Wyoming’s junior senator, appearing on NBC’s Meet the Press, was repeatedly accused by host Chuck Todd of saying one thing in 2016 and another thing in 2020, but Barrasso didn’t budge.
Barrasso said Republican Leadership — four years ago and now — are merely following the rules as established by Democratic nominee for president Joe Biden when he was the chairman of the Judiciary Committee back in 1988.
“Joe Biden was clear when he said when there is a Senate of one party and a White House of the other — and he said this to President George Herbert Walker Bush — if there’s a vacancy in that final year, we will not confirm and that’s what (Republicans) did with Merrick Garland,” Barrasso said of President Obama’s selection for the Supreme Court who did not receive a hearing in 2016.
“But 29 times, Chuck, there have been vacancies in the year of a presidential election and if both the White House and the Senate are of the same party, they go forward with the confirmation,” he said.
Todd didn’t put much stock in the “division of power” argument, calling it a footnote and a new explanation.
“Not once did you say: ‘Oh, it depends on what party the Senate holds versus the party of the President,’ Todd said. “This just sounds like a power grab pure and simple.”
Barrasso didn’t flinch. He said to Todd, again, Republicans were merely following the “Biden rule” and because the White House and the Senate are of the same party, they are going to attempt to fill the vacancy.
“I can tell you what’s going to happen. The president is going to make a nomination and I believe it’s going to be this week,” he said. “We will hold hearings and there will be a vote on the floor of the United States Senate this year.”

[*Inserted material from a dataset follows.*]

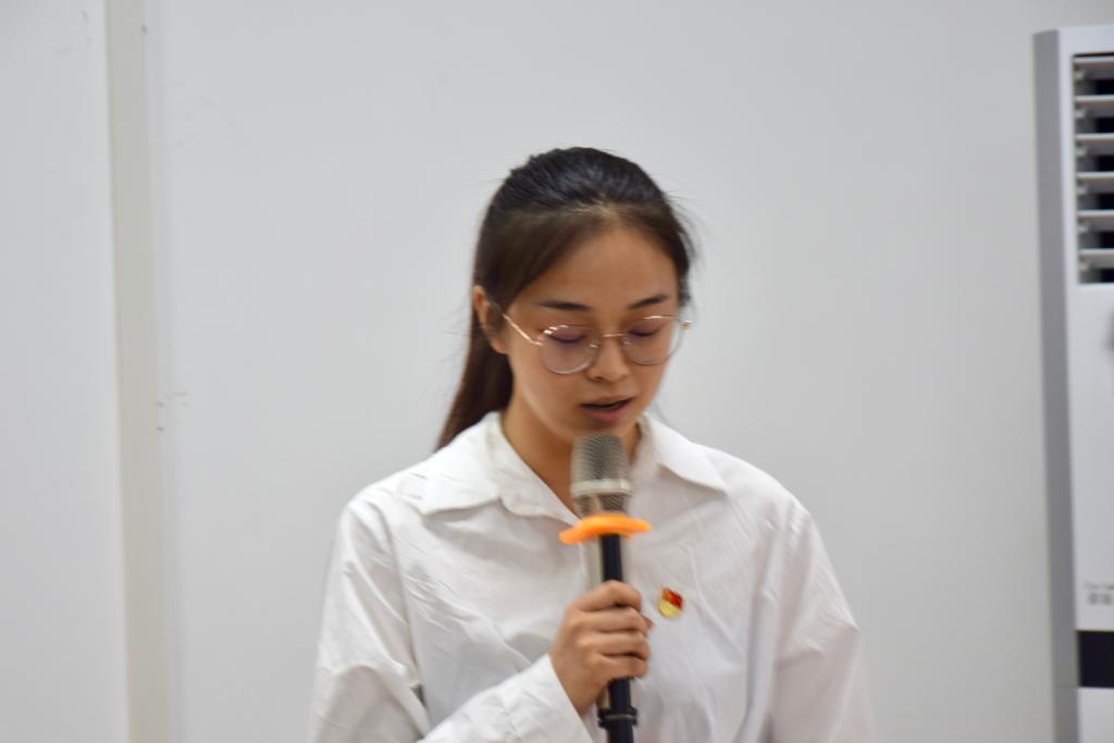 “我们将始终不忘初心、牢记使命,坚定不移听党话、矢志不渝跟党走,以实际行动践行入党誓言,用不懈奋斗兑现庄重承诺,自觉担当作为,在学业表现、志愿服务、学科竞赛等方面作表率、树标杆”,2020级国际事务与国际关系(中外合作)专业员工覃玉洁代表新党员发言。

Clearly frustrated, Todd attempted one last time to get a different reaction from Barrasso by saying Republicans will look like hypocrites and their arguments will make “no sense to the average person.”
It didn’t work. Barrasso held strong.
“This is the consistent principle and policies that have been followed through the history of the United States when 29 vacancies occurred in years of presidential elections. We’re going to be consistent with all of that,” he said.